Exercise directions:
Each record that follows should be duplicated exactly, except for its pictures.

(Records from a data source)
================================
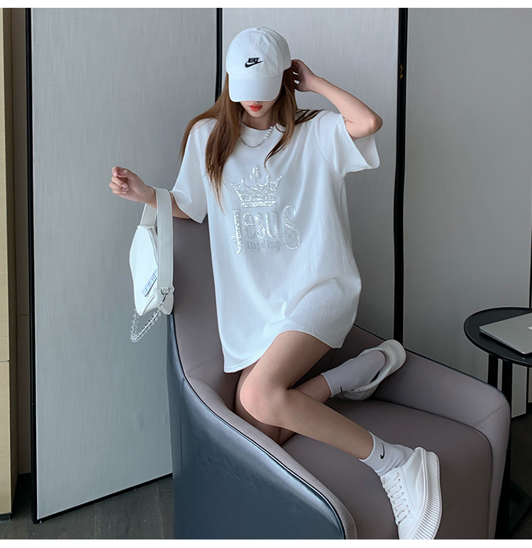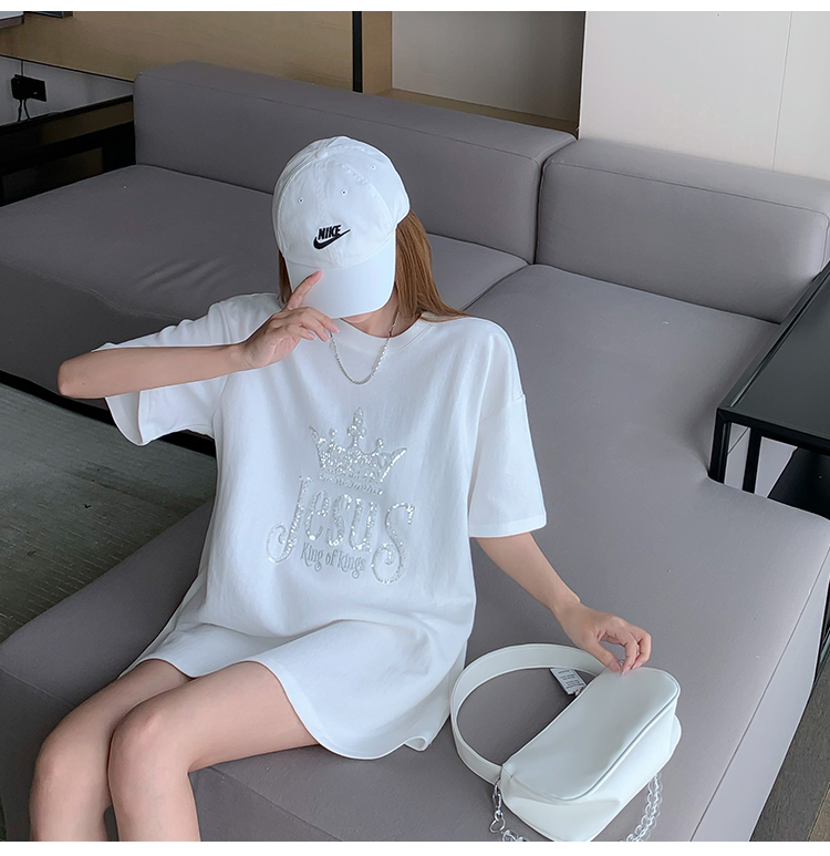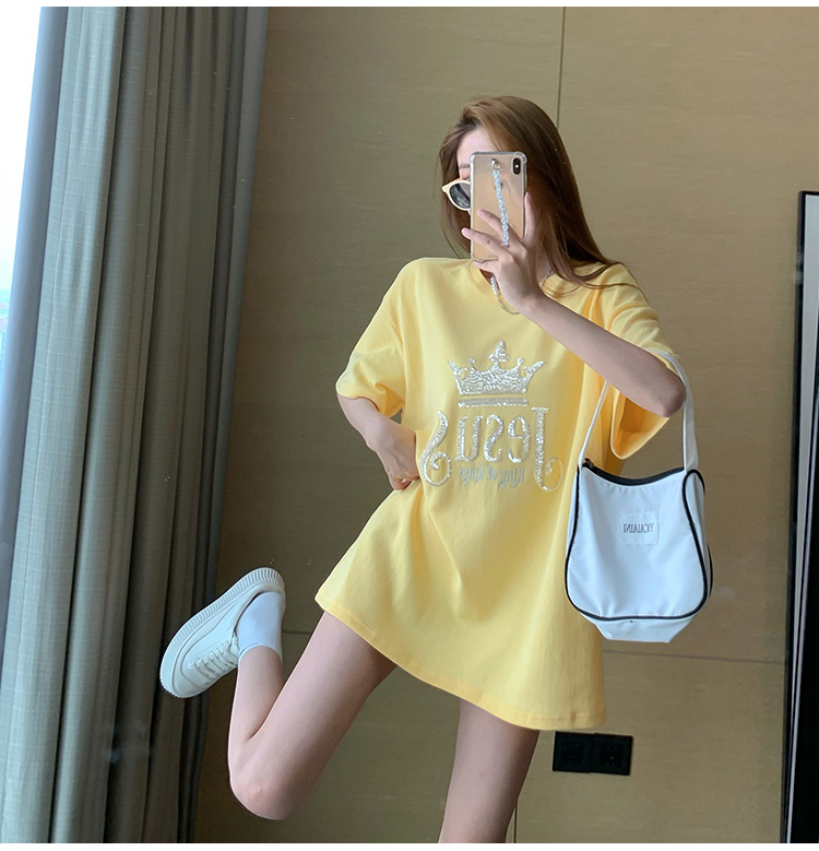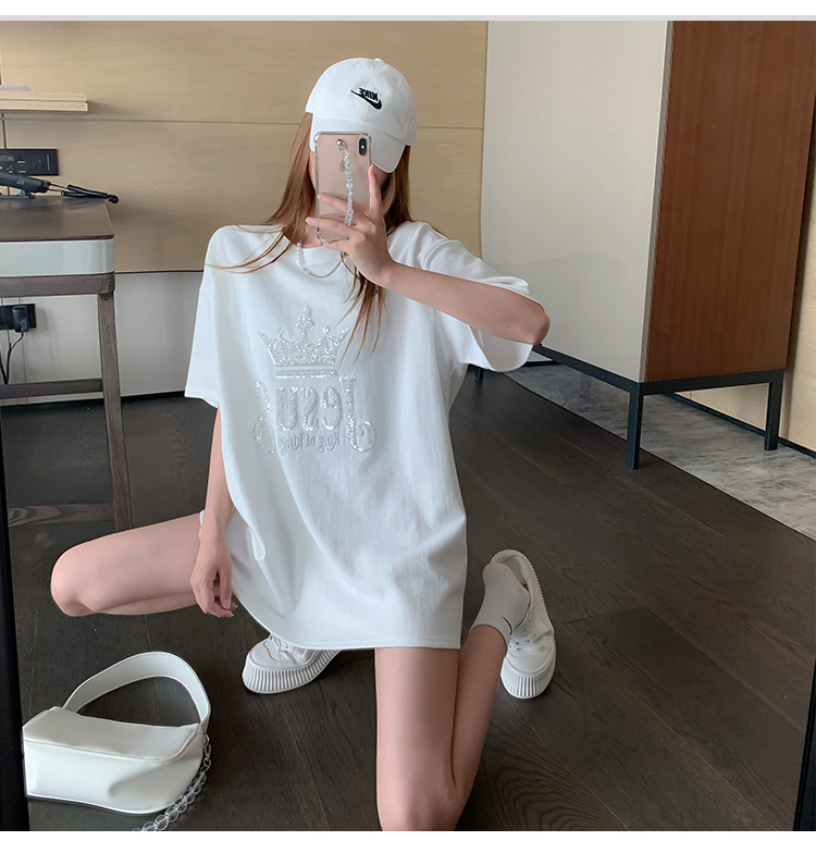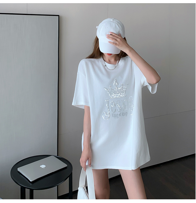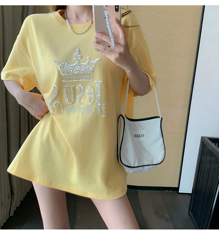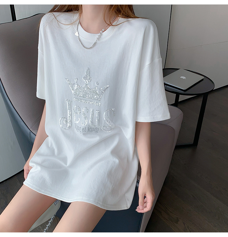 现货实拍 夏季重工刺绣亮片皇冠短袖t恤女宽松圆领中长款上衣
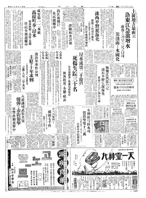 - 浸水流壞二千餘戶(침수류괴이천여호) 死傷失踪三十名(사상실종삼십명)
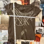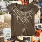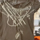 y2k graphic top brown with lighter accents chain print on the front wide neck ties at the bottom on the side y2k 2000s preppy trendy timeless old school fairy core cottage core cottagecore indie grunge alt emo
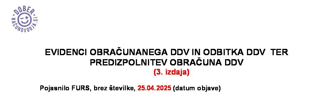 | EVIDENCI OBRAČUNANEGA DDV IN ODBITKA DDV TER PREDIZPOLNITEV OBRAČUNA DDV (podrobnejši opis, 18. izdaja) | 01.12.2025 | 01.12.2025 |
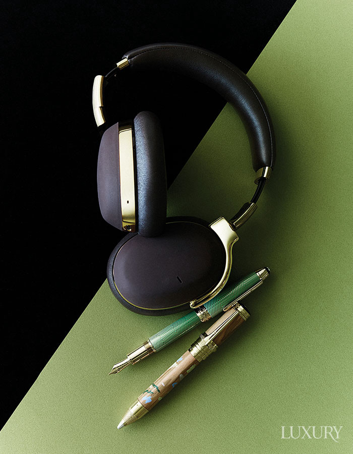 브라운 컬러 ‘오버 이어’ 헤드셋, ‘마이스터스튁 그레이트 마스터 캘리그래피 솔리테어 커브드닙’ 만년필, ‘마스터 오브 아트 오마주 투 피에르-오귀스트 르누아르 리미티드 에디션 4810’ 만년필 모두 몽블랑.
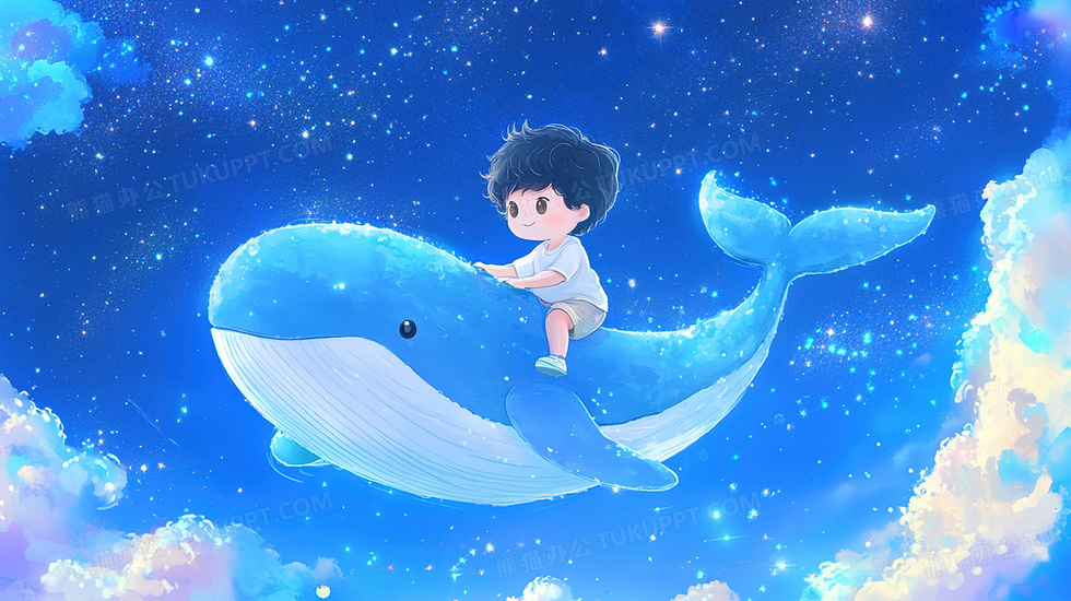 本作品内容为儿童绘本乘坐鲸鱼梦幻遨游太空可爱男孩插画, 格式为 jpg, 大小4 MB, 图片尺寸为2912 x 1632, 源文件无水印, 欢迎使用熊猫办公。 如认为平台内容涉嫌侵权,可通过邮件:tousu@tukuppt.com提出书面通知,我们将及时处理。
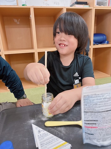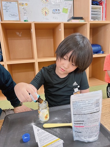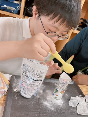 デコレーションが終わったら、重曹を入れていきます
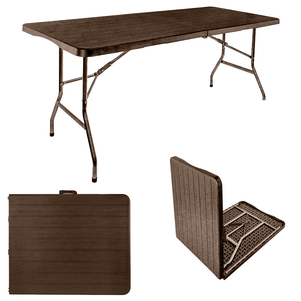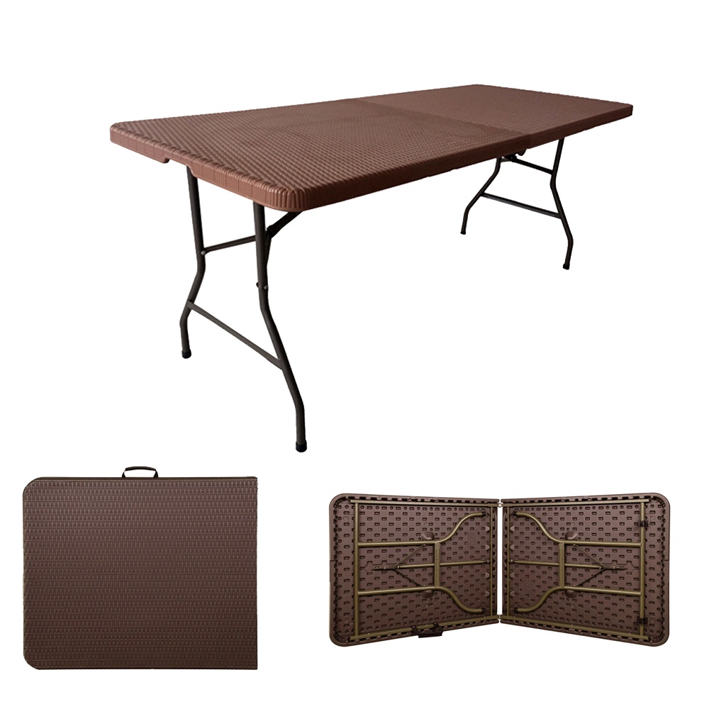 طاولة قابلة للطي متعددة الاستخدامات – 180 سم لون بني ستايل راتان او ستايل خشبي - من ال HDPE عالي الجودة
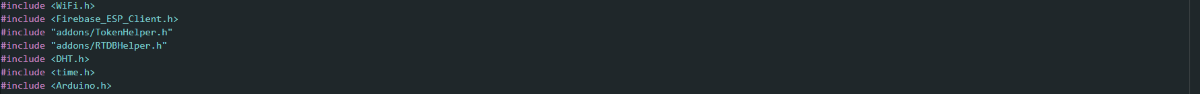 These lines import the libraries we need. Think of them as toolboxes—each library gives us ready-made functions to work with WiFi, sensors, and cloud services.
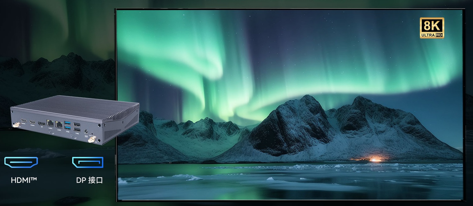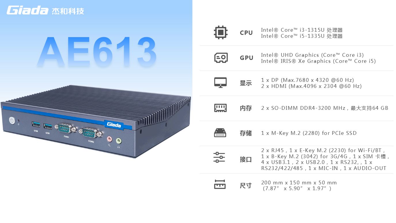 long8-龙8科技AE613支持Windows 11 (64bit) /Linux Ubuntu (64bit)系统,双千兆自适应RJ45网口,4 x USB3.1 (10 Gbps),2 x USB2.0,1 x RS232,,1 x RS232/422/485,1 x MIC-IN,1 x AUDIO-OUT,丰富的I/O功能接口,实现更多功能扩展。
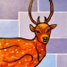 Vrolijk schilderij van een moederhert met jong, samen in een ongestoorde omgeving. Grafische stijl in felle kleuren.
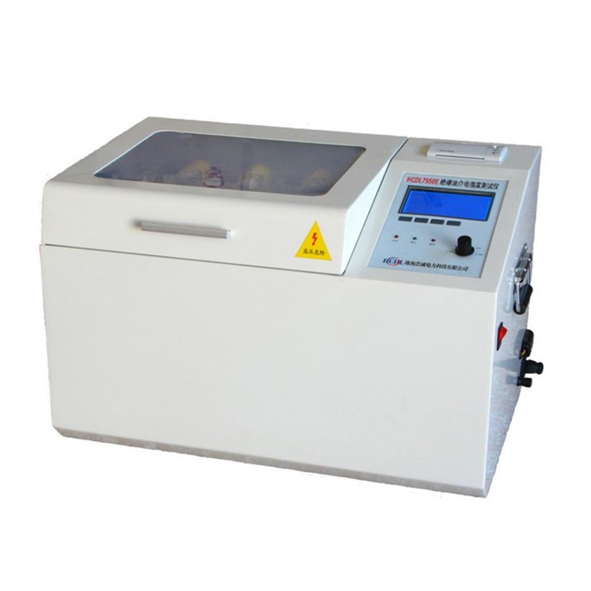 HCDL7950E 绝缘油介电强度测试仪 一体式结构设计,便于操作和携带 5.4²液晶显示屏,中文菜单人机对话方便,具有温度、湿度测量以及时钟显示功能 操作简单,自动完成升压、保持、搅拌、静置、计算、数据存储及打印输出等操作 具有断电存储功能,可自动保存测试结果 具有过压、过流、限位及接地报警功能,以保障操作人员的人身安全 独特的波形整定功能,消除谐波对准确测定的干扰 采用CPU和PLC双重控制,保障仪器工作稳定可靠 具有仪器自校准功能,可以保证数据的准确性 高压输出端选用弹压结构,保证油杯与高压输出端的紧密接触 程序设有GB/T507-1986/GB/T507-2002以及自定义程序可选,选择性灵活 具有232接口和蓝牙功能,方便与电脑传输数据
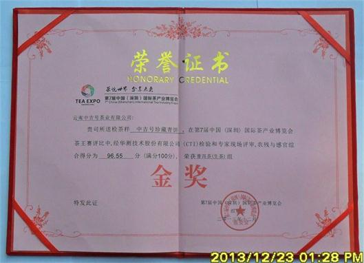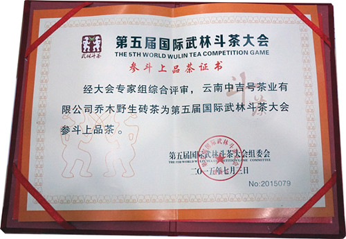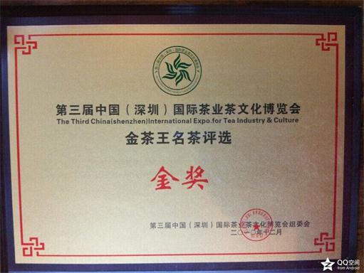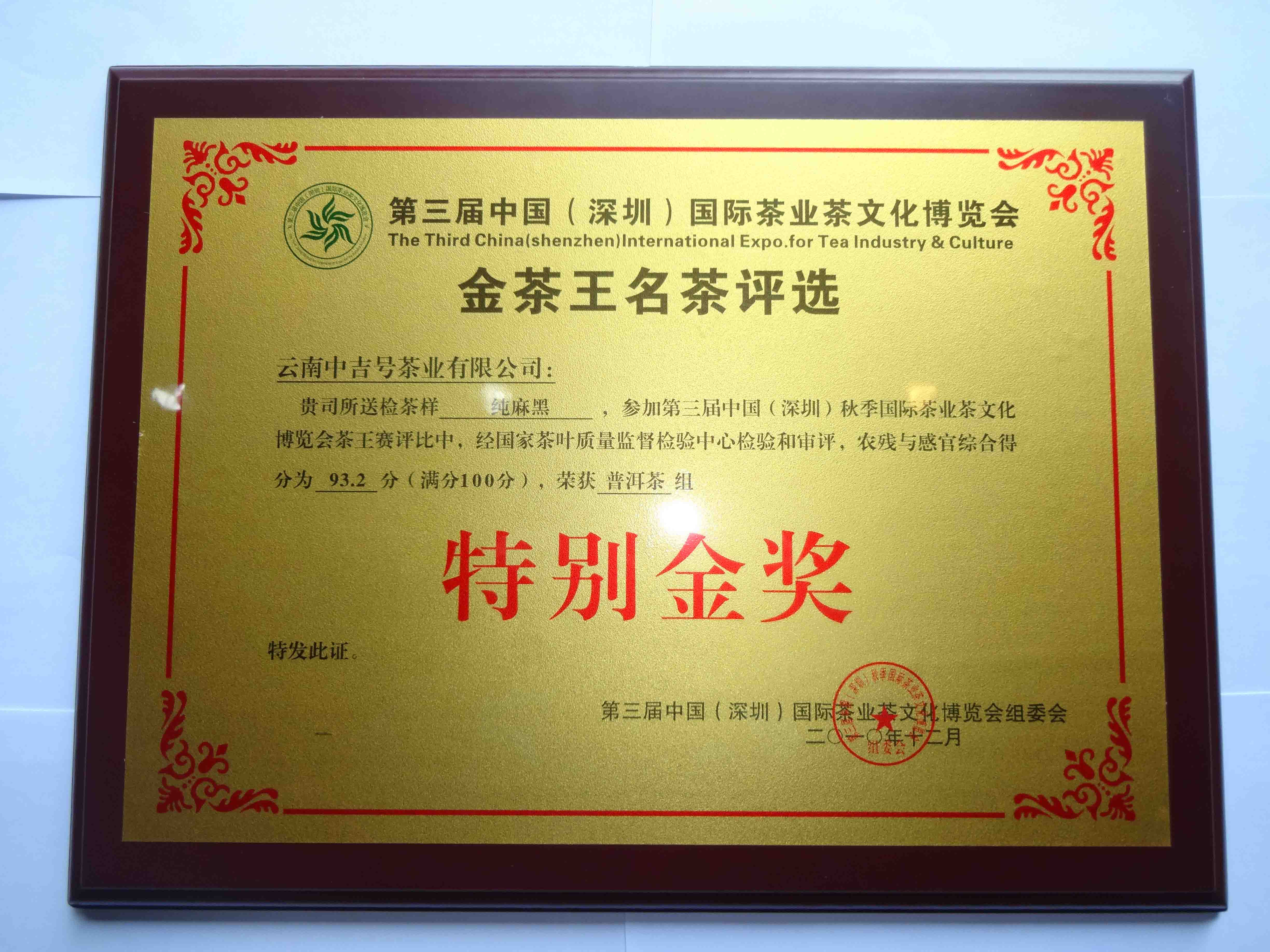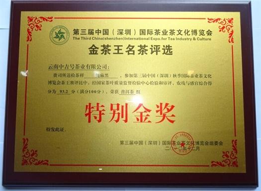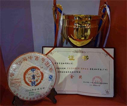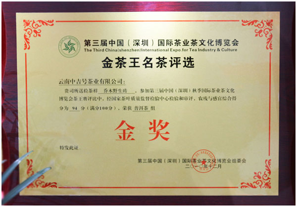 中吉號(hào)“喬木野生磚”榮獲第三屆中國(guó)(深圳)秋季國(guó)際茶業(yè)茶文化博覽會(huì)茶王賽評(píng)比“金獎(jiǎng)”
================================
Task output:
 现货实拍 夏季重工刺绣亮片皇冠短袖t恤女宽松圆领中长款上衣
 - 浸水流壞二千餘戶(침수류괴이천여호) 死傷失踪三十名(사상실종삼십명)
 y2k graphic top brown with lighter accents chain print on the front wide neck ties at the bottom on the side y2k 2000s preppy trendy timeless old school fairy core cottage core cottagecore indie grunge alt emo
 | EVIDENCI OBRAČUNANEGA DDV IN ODBITKA DDV TER PREDIZPOLNITEV OBRAČUNA DDV (podrobnejši opis, 18. izdaja) | 01.12.2025 | 01.12.2025 |
 브라운 컬러 ‘오버 이어’ 헤드셋, ‘마이스터스튁 그레이트 마스터 캘리그래피 솔리테어 커브드닙’ 만년필, ‘마스터 오브 아트 오마주 투 피에르-오귀스트 르누아르 리미티드 에디션 4810’ 만년필 모두 몽블랑.
 本作品内容为儿童绘本乘坐鲸鱼梦幻遨游太空可爱男孩插画, 格式为 jpg, 大小4 MB, 图片尺寸为2912 x 1632, 源文件无水印, 欢迎使用熊猫办公。 如认为平台内容涉嫌侵权,可通过邮件:tousu@tukuppt.com提出书面通知,我们将及时处理。
 デコレーションが終わったら、重曹を入れていきます
 طاولة قابلة للطي متعددة الاستخدامات – 180 سم لون بني ستايل راتان او ستايل خشبي - من ال HDPE عالي الجودة
 These lines import the libraries we need. Think of them as toolboxes—each library gives us ready-made functions to work with WiFi, sensors, and cloud services.
 long8-龙8科技AE613支持Windows 11 (64bit) /Linux Ubuntu (64bit)系统,双千兆自适应RJ45网口,4 x USB3.1 (10 Gbps),2 x USB2.0,1 x RS232,,1 x RS232/422/485,1 x MIC-IN,1 x AUDIO-OUT,丰富的I/O功能接口,实现更多功能扩展。
 Vrolijk schilderij van een moederhert met jong, samen in een ongestoorde omgeving. Grafische stijl in felle kleuren.
 HCDL7950E 绝缘油介电强度测试仪 一体式结构设计,便于操作和携带 5.4²液晶显示屏,中文菜单人机对话方便,具有温度、湿度测量以及时钟显示功能 操作简单,自动完成升压、保持、搅拌、静置、计算、数据存储及打印输出等操作 具有断电存储功能,可自动保存测试结果 具有过压、过流、限位及接地报警功能,以保障操作人员的人身安全 独特的波形整定功能,消除谐波对准确测定的干扰 采用CPU和PLC双重控制,保障仪器工作稳定可靠 具有仪器自校准功能,可以保证数据的准确性 高压输出端选用弹压结构,保证油杯与高压输出端的紧密接触 程序设有GB/T507-1986/GB/T507-2002以及自定义程序可选,选择性灵活 具有232接口和蓝牙功能,方便与电脑传输数据
 中吉號(hào)“喬木野生磚”榮獲第三屆中國(guó)(深圳)秋季國(guó)際茶業(yè)茶文化博覽會(huì)茶王賽評(píng)比“金獎(jiǎng)”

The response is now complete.